30/09/2021, 10:14
Desumanos
por Nena Medeiros
Criado para conter animais de rua que pudessem representar potencial risco à saúde da população, o CCZ era, há alguns anos, uma masmorra medieval. Os bichos ficavam jogados em baias sujas e frias, à espera da morte ou de uma quase milagrosa adoção. Os doentes que não fossem logo abatidos eram misturados aos outros, condenando-os todos. Cães “acusados” de comportamento agressivo ou simplesmente de raças com má fama eram eliminados à entrada, sem qualquer chance de contraditório.
Em 2019, esse inferno foi suavizado por um grupo de voluntárias que se propôs a levar cuidados, agasalho e alimentação de qualidade. Elas passeavam com os cães, retiravam os bichos doentes e feridos para tratamento e promoviam a vacinação, castração, socialização e adoção, além de interceder pelos condenados.
Infelizmente, uma troca na gestão do órgão está impedindo o Projeto Amigos da Zoonoses de atuar. As visitas aos finais de semana estão proibidas e, durante a semana, apenas uma pessoa pode entrar por poucas horas, o que dificulta os cuidados.
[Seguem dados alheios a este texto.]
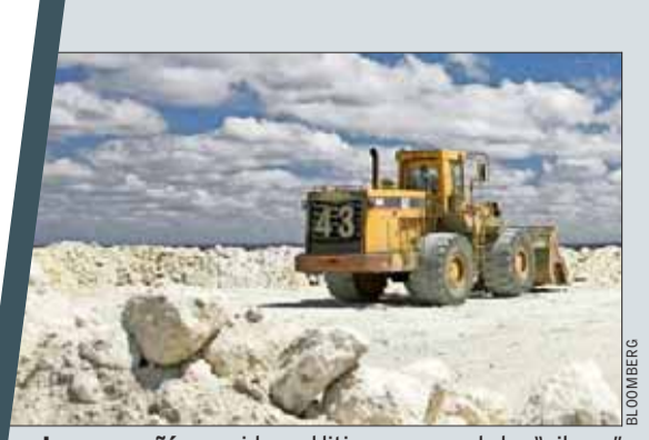
La compañía considera el litio como uno de los "pilares" de su cartera de materias primas.

El cierre de la jornada en los mercados no fue tan auspicioso como su inicio: Los principales indicadores terminaron con retrocesos: el Dow Jones cayó 0,53; el S&P 500 bajó 0,54% y el tecnológico Nasdaq perdió 0,66%.

A retirada de animais para lares temporários ou clínicas só pode ser realizada se o grupo oficializar a adoção, o que tem sido feito, apenas em casos extremos.
Como disse Bolsonaro, “nada está tão ruim que não possa piorar” e, então, lembramos que seres humanos ficaram igualmente jogados nos hospitais da Prevent Sênior, isolados de suas famílias e servindo de cobaias para tratamentos ineficazes, em apoio ao negacionismo do Planalto. Mais: como vira-latas eutanasiados por não conseguirem adotantes, pessoas amadas de alguém: pais, mães, avós, foram privados de oxigênio, sufocados ao cabo de duas semanas de internação para não darem prejuízo, conforme denúncias apresentadas à CPI: “óbito também é alta”.
No cinema, essas histórias seriam roteiro ruim, com vilões dando gargalhada a cada maldade. Na vida real, também. Com o agravante de que não há um super herói para nos devolver a esperança nessa humanidade perdida.